At their meeting on April 7, 2016, MedPAC voted unanimously to approve a package of recommendations that could potentially save the Part D program $10 billion over 5 years. The recommendations would combine shifting more risk to Part D plan sponsors, especially for high-cost drugs, but would also grant plan sponsors more flexibility in implementing utilization management tools.
The first recommendation aims to shift more risk to plan sponsors by increasing their exposure to risk once beneficiaries hit the catastrophic coverage portion of the benefit. Currently, once a beneficiary exceeds a little over $7,500 in total drug costs, plans are only responsible for 15% of costs, while Medicare is responsible for 80% of costs and beneficiaries are responsible for 5% of costs. Under the proposal, plans would be responsible for 80% of costs, Medicare would be responsible for 20% of costs, and beneficiaries would no longer have any cost-sharing responsibilities. The intent is to incentivize plan sponsors to better manage overall drug spending once a beneficiary enters that portion of the benefit.
At the same time, MedPAC recommended to no longer count the value of manufacturer rebates against a beneficiary’s true out-of-pocket (TrOOP) expenses while in the donut hole. This would increase beneficiary cost sharing – and manufacturer rebate liability – because beneficiaries would spend longer in the coverage gap. MedPAC staff estimates that 50% of beneficiaries that currently reach the catastrophic coverage benefit would no longer do so under this change. This is in result to concerns that the manufacturer rebates function as a “co-pay coupon” and discourage beneficiaries from switching from brand-name medications to generic medications. It would also help to level the playing field between beneficiaries that take a high number of brand-name drugs and beneficiaries that take a high number of generic drugs. Because eligibility for catastrophic coverage is dictated by overall drug spending, the latter group tends to spend more time in the donut hole relative to the former.
In case Part D plan sponsors were getting anxious, the Commission also voted to grant sponsors more flexibility in managing the benefit overall, though it is unclear whether the proposal would be adequate to help plans address the issue of high-cost drugs that have few therapeutic alternatives. The reforms would remove the “protected class” status for antidepressants and immunosuppressive drugs (which CMS attempted – unsuccessfully – to do in 2015), streamline the process for formulary changes, and allow plans to incorporate two specialty tiers (preferred and non-preferred), as well as split fills.

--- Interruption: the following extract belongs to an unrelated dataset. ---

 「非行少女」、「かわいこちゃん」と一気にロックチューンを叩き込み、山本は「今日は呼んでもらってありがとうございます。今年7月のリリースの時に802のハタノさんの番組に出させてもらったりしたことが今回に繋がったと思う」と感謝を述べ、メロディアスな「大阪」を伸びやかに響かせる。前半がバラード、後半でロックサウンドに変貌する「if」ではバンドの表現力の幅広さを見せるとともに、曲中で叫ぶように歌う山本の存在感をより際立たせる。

Finally, the Commission recommended changes to the cost-sharing structure for low-income subsidy beneficiaries, specifically to eliminate or reduce cost-sharing for generic drugs. A proposed amendment, offered by Commissioner Craig Samitt, MD, MBA, EVP and Chief Clinical Officer for Anthem, Inc., to also increase cost sharing for brand-name drugs was met with resistance from other commissioners and was not accepted.

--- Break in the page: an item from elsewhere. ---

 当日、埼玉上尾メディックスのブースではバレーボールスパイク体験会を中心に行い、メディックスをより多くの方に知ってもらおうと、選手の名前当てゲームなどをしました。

The recommendations, which the Commission was clear were intended to be considered as a complete package, will be included in MedPAC’s June 2016 Report to Congress. Any changes to risk in the catastrophic coverage portion of the benefit would require Congressional action. However, CMS has limited authority to implement some of the formulary management tools via regulations. It is unlikely that these changes would be implemented during an election year, but will be interesting to see if Congress or the next Administration is more receptive, especially with the ability to potentially save $2 billion per year.